Как это понять? В том ли смысле, что капитал, находившийся последнее время в руках К. Цеткин, никому не был дан и пропал? Мы видели, что Ленин в 1910 году Обещал передать «держателям» 475 тысяч франков, из них 75 тысяч франков немедленно в начале года, а остальные в «два срока на протяжении двух лет». Но так как уже в декабре 1910 года Ленин объявил договор с меньшевиками расторгнутым, ни о каких передачах после этого не было и речи. «Держатели» могли до декабря 1910 года получить максимум 200 тысяч франков(меньшая цифра гораздо вернее), и эти деньги в подавляющей доле поступили в партию в течение 1910–1911 годов. Например в 1911 году, несмотря на протесты меньшевиков, К. Цеткин выдала крупную сумму так называемой технической комиссии, организовывавшей Пражскую конференцию. Можно уверенно сказать, что после передачи «держателям» все-таки какие-то большие суммы остались в руках Большевистского Центра и остатки пригодились Ленину во время войны в 1914–1916 годах для его изданий.

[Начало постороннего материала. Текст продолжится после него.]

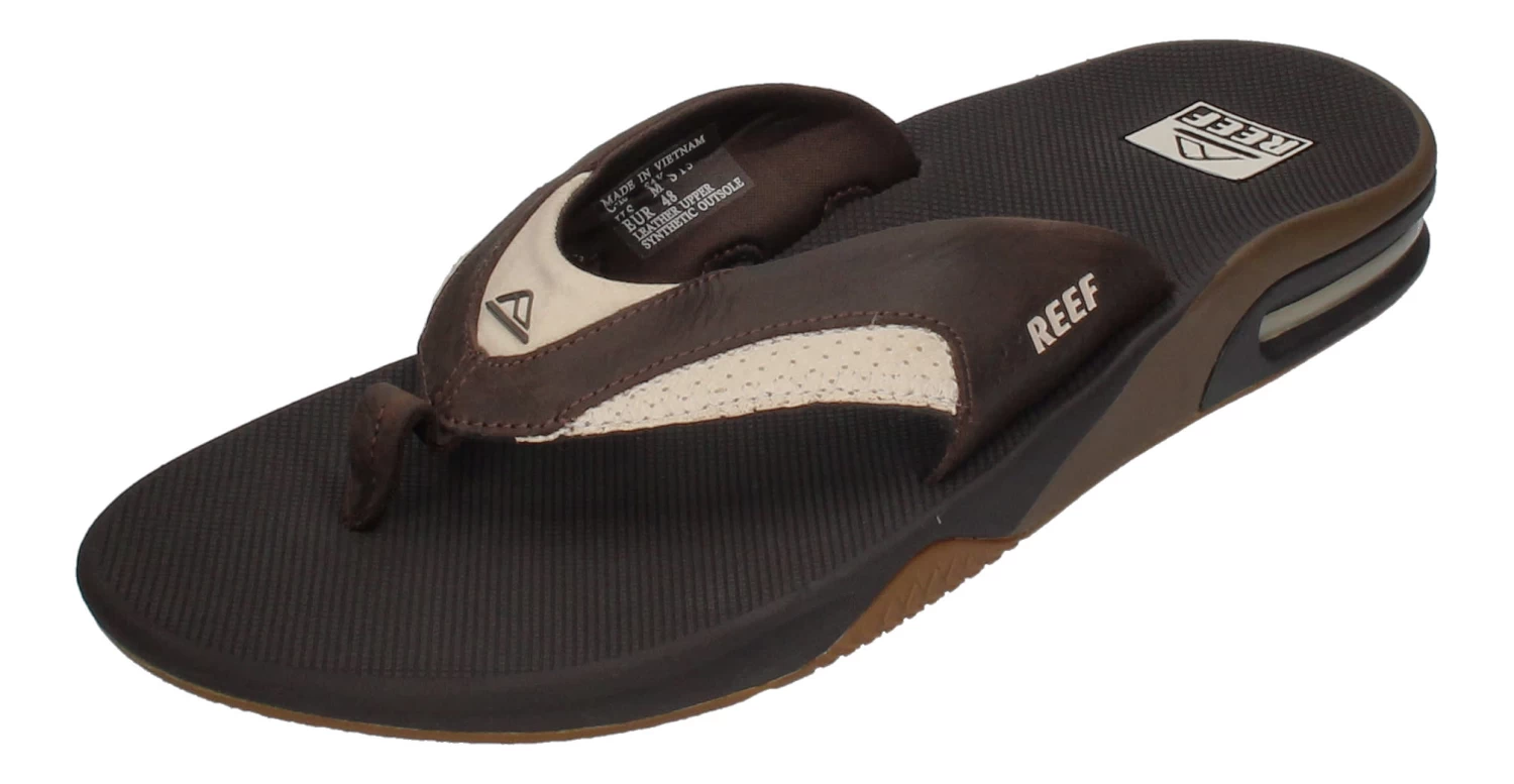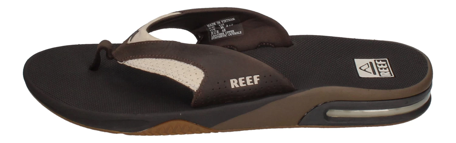 Der Zehentrenner LEATHER FANNING 2156 in white brown ist stylisch, praktisch und gemütlich zugleich. Softes Leder an den Riemchen und die flexible Gummisohle mit 360°-Airbag im Fersenbereich zeichnen diesen Schuh aus. Besonders praktisch ist der in der Sohle eingebaute Flaschenöffner. Dieser stylische Zehentrenner passt nicht nur an den Strand sondern ist natürlich auch City-tauglich.

Конечно, было бы нелепо думать, что борьба Ленина за удержание в руках Большевистского Центра, а потом за возвращение ему капитала Шмита, инспирировалась лишь корыстными намерениями личного характера. Сей капитал был нужен для организации революции, а такая цель пронизывала все существо Ленина. Было бы вместе с тем детской наивностью утверждать, что этот капитал ни с какой стороны и ни в какой мере не имел отношения к личному материальному положению Ленина. В 1902 году в брошюре «Что делать?» Ленин настаивал, что «профессиональный революционер», – и он мог бы сказать: «из них же первый есмь аз», – отдающий свои силы революции, должен быть освобожден от обязанности думать о хлебе насущном. Он должен получать содержание от партии. Ленин и стал его получать с 1901 года в качестве одного из редакторов «Искры». К жалованью был добавок из «ульяновского фонда», но, пользуясь выражением, которое Ленин часто употреблял, то была Privatsache, и ничьи заглядывания сюда он не допускал. Жалованье от партии в период второй революции, начиная с 1908 года, Ленин получал с таким же правом и основанием, как и в период первый. В этом не может быть никакого сомнения: на этот счет, как увидим, есть прямое указание самого Ленина. Более спорно, сколько он получал, причем попытки это узнать обычно в СССР встречают указание, что личные потребности Ленина были так малы, и он требовал лично для себя так мало, что вопрос, сколько он получал, никакого интереса и важности не представляет.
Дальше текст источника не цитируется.